Есть наименование такого сущностного облика поднимающегося над прежним людским складом человечества,— это «сверхчеловек». Под таковым Ницше разумеет не какую-то отдельную человеческую особь, в которой способности и намерения всем известного обычного человека гигантски умножены и возвышены. «Сверхчеловек» — это и не та людская разновидность, что возникает лишь на путях приложения философии Ницше к жизни. Слово «сверхчеловек» наименовывает сущность человечества, которое, будучи человечеством нового времени, начинает входить в завершение сущности его эпохи. «Сверхчеловек» — это человек, который есть на основе действительности, определенной волей к власти, и для нее [2].
Сверхчеловек - есть высший биологический тип, который относится к человеку, как последний относится к обезьяне: «Что такое обезьяна в  отношении  человека?  Посмешище  или мучительный  позор.  И  тем  же  самым  должен быть человек для сверхчеловека: посмешищем или мучительным позором», - говорит Ницше на страницах «Заратустры».
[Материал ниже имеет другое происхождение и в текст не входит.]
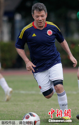 参与互动(0)图为哥伦比亚总统桑托斯带球。
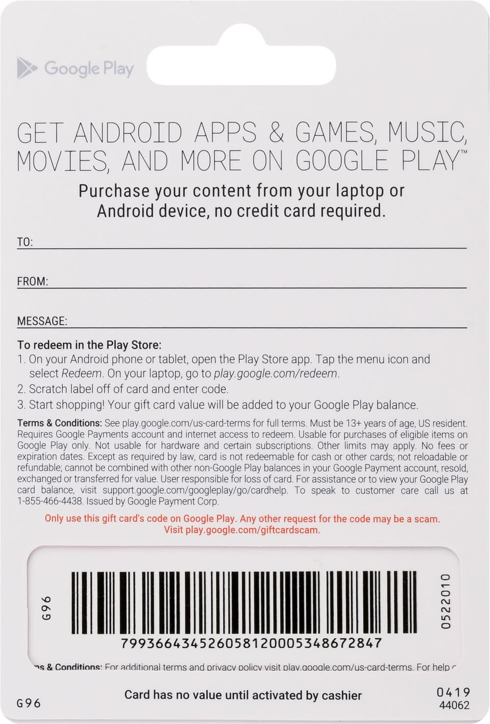 To find Google Play Gift Card nearby, use the Uber Eats search bar to browse local merchants. Once you find a store that carries it, just add it to your cart and proceed to checkout.
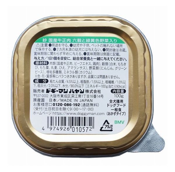 【12個セット】 ドギーマン 紗 国産牛正肉 六穀と緑黄色野菜入り 100g x12【送料無料】

  Людской материал, в процессе смены поколений которого будет выращиваться сверхчеловек, составят те, кто является аристократом, господином по своей природе, в ком воля к власти не задавлена враждебной ей культурой, кто способен, объединившись с себе подобными, противостоять большинству, не желающему ничего знать о подлинном предназначении современных людей. Ницше не говорит, что только немцы достойны стать материей сверхчеловека, хотя образ «белокурой бестии» — предшественника сверхчеловека — стали связывать с северогерманским антропологическим типом [5,272].
Сверхчеловека необходимо вырастить, но Ницше не дает для этого никаких «евгенических» рецептов. Он выступает здесь скорее как «пророк», предвещающий приход нового «господина мира», «вождя», «фюрера», полубожественного, а то и прямо божественного существа. Этот культ личности, выходящий далеко за рамки обычного для эксплуататорского общества культа «великих людей», превращается в основу новой мифологии, с художественным мастерством развернутой Ницше, в особенности в книге «Так говорил Заратустра». Неудивительно, что германо-фашистский «миф XX века» опирался на философию Ницше [4,182].
По Ницше,  "Хищный зверь"—Сверхчеловек, - это "роскошная, похотливо блуждающая в поисках добычи и победы белокурая бестия; этой скрытой основе время от времени потребна разрядка, зверь должен выходить наружу, наново возвращаться в заросли..." 
Задача господствующей расы заключается вовсе не в том только, чтобы править: ее цель—не в управляемых, не в низших, а в ней самой, в ее собственной жизненной сфере: здесь она должна быть явлением избытка силы, красоты, мужества, высшей культуры и манеры. Это—самоутверждающаяся и жизнерадостная порода людей, которая может позволить себе всякую роскошь, достаточно сильная, чтобы не нуждаться в тирании нравственных заповедей, достаточно богатая, чтобы не быть бережливою и педантичною, —по ту сторону добра и зла. Это, как бы оранжерея, наполненная редкими и изысканными растениями [1] .
В процессе мировой эволюции каждая ступень органического мира служит переходом от низшего к высшему: все существа доселе производили из себя нечто высшее; в человеке это восхождение жизни должно продолжаться: он также должен родить из себя высшую форму существования—сверхчеловека. «Что такое обезьяна в отношении к человеку: посмешище или мука стыда! Тем же самым должен быть и человек для сверхчеловека: посмешищем или мукою стыда. Вы прошли путь от червя к человеку и в вас еще остается многое от червя.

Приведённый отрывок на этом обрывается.